When Trump drank a can of Diet Coke or hugged the pope or watched someone turn on Christmas lights, it probably reminded The New Yorker of Hitler and reaffirmed for other journalists the well-established fact that the president is a bona fide agent of Vladimir Putin's Kremlin.
I don't blame people for doing any of these things. Red-blooded Tea Party Patriots — ever suspicious of slimy government tentacles on their beautiful constitutional Medicare, smelling Leninism between the lines of the Heritage Foundation's health-care plan and ready at a moment's notice to accuse Benghazi Hussein "Birth Certificate?" Obummer of lying about anything from his background to his religion to his feelings about dead policemen — provided Democrats with a template. If sobriety and pragmatism had a place in contemporary American politics, President Lincoln Chafee would be signing single-payer health care into law in between ordering PBS to cancel their sleazy agreement selling Big Bird to HBO and instructing Attorney General Elizabeth Warren to block the Disney-Fox merger.
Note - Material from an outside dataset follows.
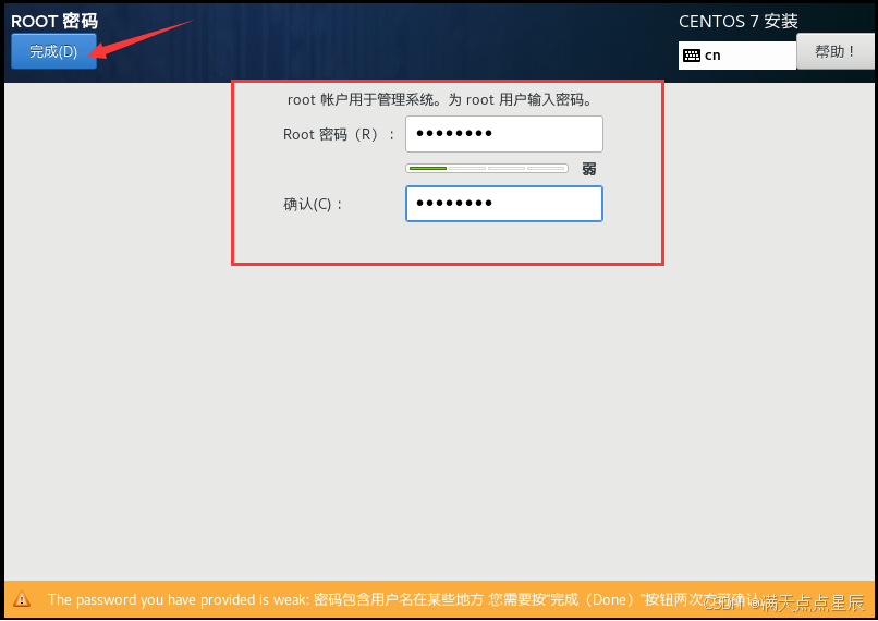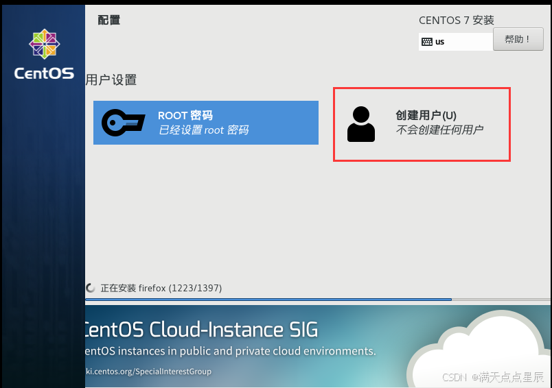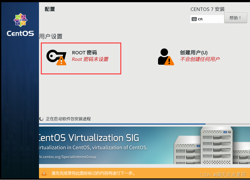 在等待安装过程中,可以设置一下root密码。如下图所示:

That's not to underestimate the unique contributions of the president of the United States and commander in chief of the Armed Forces, who this year responded to an ISIS-inspired Nazi terrorist attack by observing that there are plenty of halfway decent Nazis and a fair amount of bad apples in the anti-racist barrel, traded ridiculous insults with an East Asian despot in possession of nuclear weapons, insulted his own secretary of state via a popular social media platform, accused a sitting senator of performing sexual favors in exchange for campaign contributions, and coined a new phrase — the oddly catchy "Federal G" — in the course of reassuring the victims of a hurricane of their safety.
This was also the year in which the star of The Talented Mr. Ripley helpfully explained that groping women and child rape exist along a continuum, in which the overrated songwriter responsible for "Desolation Row" acknowledged his Nobel Prize for Literature with a speech that plagiarized the Cliff Notes to Moby-Dick, in which President Obama's first secretary of state responded to critics who accused her of being an empty suit interested only in enriching herself by charging hundreds of dollars for a chance to watch her read from a memoir she almost certainly did not write, in which a film featuring Luke freaking Skywalker (according to friends who saw the film) milking a giraffe walrus made $440 million in four days.
In my opinion, the only person who will come out of 2017 aboveground is one Caleb Green of Chicago, a 4-year-old who wants to be an astronaut and a Ninja Turtle when he grows up and is known to read 100 books in a day. The rest of us are screaming in our burrows.